Winterhelle's Spark clambered over a partially submerged root wad, half in and half out of the Madison River. Ice clung to his coat and face, giving the youngster the wizened look of Old Man Winter. Eric Trapp, his owner, was up to his knees in river water, watching his dog.
The Madison, of course, is Montana's world-class trout stream, but in November it's duck country. We were hunting on a private ranch owned by a consortium of doctors and managed by an on-site wildlife biologist, Mike Atcinson, who just so happens to be Trapp's personal friend. Sometimes it helps to know people in high places.
We'd had mallards buzzing our small decoy spread all morning, but most had flared at the last minute, giving us iffy shots at best. Trapp finally managed to scratch down a drake, but it hit the river swimming. It paddled to the root wad, crawled up the bank, and disappeared. Trapp's dog charged across the river, spray flying. But with more birds coming in, Trapp decided to call him back and pick up the duck later.

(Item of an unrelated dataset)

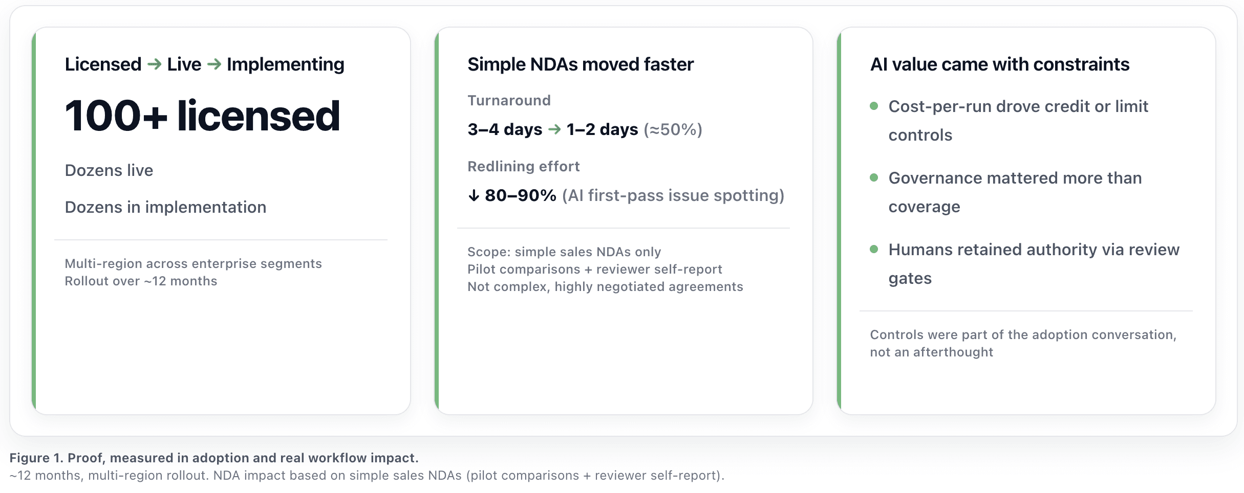 Outcomes: In ~12 months: ~120 licensed, ~35+ live, ~55 implementing (multi-region). For simple NDAs: turnaround dropped ~50% (3–4 days → 1–2) and redlining effort dropped ~80–90% with AI-assisted review. A regulated enterprise win validated the thesis: adoption follows trust, rollout realism, and workflow-native packaging.

I had that figured for a mistake. It pains me to admit it, but I've wounded scores of ducks that have disappeared under ice-rimmed banks or swum to the far shore, never to be seen again. Some drift around a bend, others vanish into the reeds. Either way, they're gone. But now, two hours later, we were back, and Trapp was encouraging Scooby Doo (that's what you get when you let your pre-school aged kids give your dog his informal name) to move into the tangle of roots where we'd last seen his wounded quacker.
Suddenly, Scooby tensed and began burrowing deep into the branches, half his muscular body buried in the root wad. He backed out a minute later with a very dead duck in his mouth. I raised a cheer. The duck, as it turned out, was minus its head. Back in the blind, Atcinson mentioned he'd seen something dark and feline dart away from the bank. A mink, apparently, had got to the duck before Scooby had. Regardless, it was an impressive display of canine determination.

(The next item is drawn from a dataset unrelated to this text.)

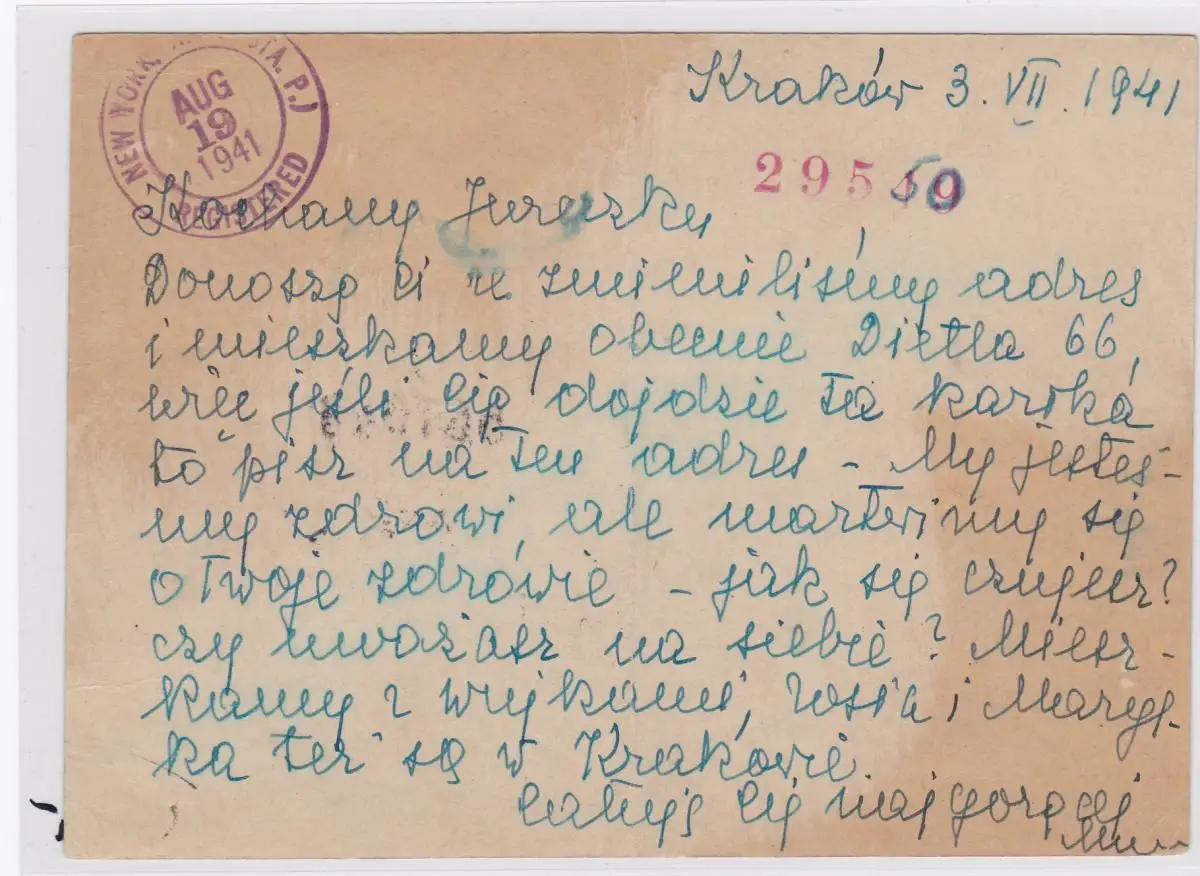 GG: Carte postale recommandée de Cracovie aux États-Unis

"Good boy, Scooby!" Trapp said. The leggy pudelpointer skittered around his owner's feet, mighty pleased with himself and more than happy to have another go at it.
With fewer than 2,000 pudelpointers in the entire U.S., this isn't a dog you're likely to see in the field, and if you did you might not recognize it as such. To the uninitiated--count me among them--they look very similar to several other German imports: Drahthaars, German wirehaired pointers and griffons. Scooby Doo is tall (the breed standard is between 22 and 26 inches at the shoulder), leggy, and strikingly handsome, with the mustachioed good looks of a WW1 German artillery officer.

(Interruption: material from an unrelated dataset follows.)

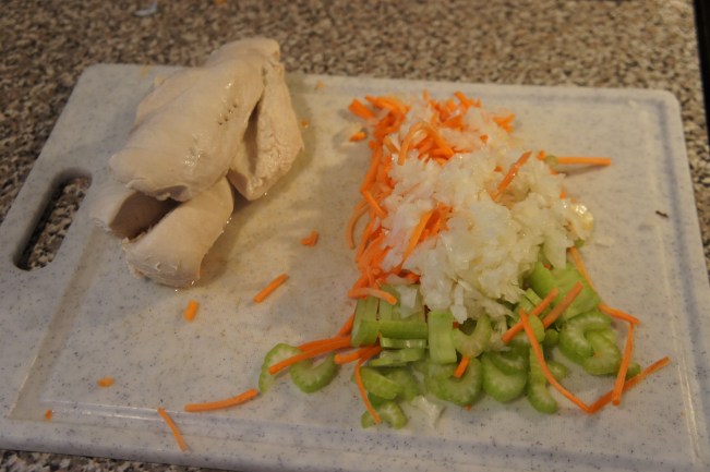 Bring water to boil in medium pot for chicken while you prepare and chop the vegetables. Once boiling, add the chicken breasts and cook 15 to 20 minutes until fully cooked. Cube chicken.

His coat is wiry and stiff and a soft mocha brown, but Trapp tells me that the movers and shakers in the pudelpointer world are still breeding for coat consistency, and that some of the dogs have much flatter coats than others. For what it's worth, on our duck-hunting trip Scooby was so covered with ice he almost tinkled when he walked, but I never saw him shiver, despite sitting outside our blind for two hours with temperatures in the high twenties and low thirties.